YARA-L known issues and limitations

This document describes the known issues and limitations in YARA-L.

Outcome aggregations with repeated field unnesting

When a rule references a repeated field in an event variable with multiple elements, each element is split into a separate event row.

For example, the two IP addresses in the repeated field target.ip on event $e are split into two instances of $e, each with a different target.ip value.

rule outbound_ip_per_app {
  meta:
  events:
    $e.principal.application = $app
  match:
    $app over 10m
  outcome:
    $outbound_ip_count = count($e.target.ip) // yields 2.
  condition:
    $e
}

Event record before repeated field unnesting

The following table shows the event record before unnesting the repeated field:

metadata.id principal.application target.ip
aaaaaaaaa Google SecOps [192.0.2.20, 192.0.2.28]

Event records after unnesting the repeated field

The following table shows the event record after unnesting the repeated field:

metadata.id principal.application target.ip
aaaaaaaaa Google SecOps 192.0.2.20
aaaaaaaaa Google SecOps 192.0.2.28

When a rule references a repeated field nested within another, like security_results.action, unnesting occurs at both the parent and child levels. The resulting instances from unnesting a single event form a Cartesian product of the elements in the parent and child fields. In the following example rule, event $e with two repeated values on security_results and two repeated values on security_results.actions are unnested into four instances.

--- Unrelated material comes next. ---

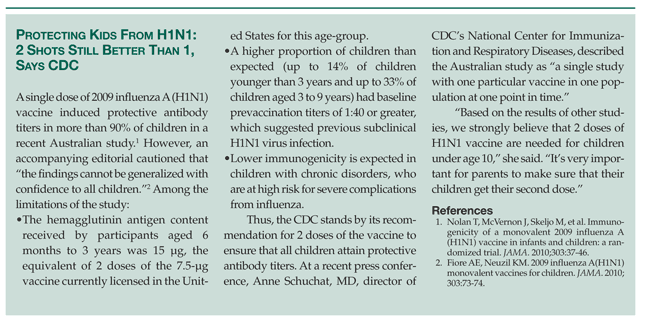 2. Fritsch BF. FDA Update on the H1N1 Flu Vaccine and Antiviral Medications. http://www.fda. gov/downloads/ForHealthProfessionals/UCM185724.pdf. Accessed November 1, 2009.

rule security_action_per_app {
  meta:
  events:
    $e.principal.application = $app
  match:
    $app over 10m
  outcome:
    $security_action_count = count($e.security_results.actions) // yields 4.
  condition:
    $e
}

Event record before repeated field unnesting

The following table shows the event record before unnesting the repeated field:

metadata.id principal.application security_results
aaaaaaaaa Google SecOps [ { actions: [ ALLOW, FAIL ] }, { actions: [ CHALLENGE, BLOCK ] } ]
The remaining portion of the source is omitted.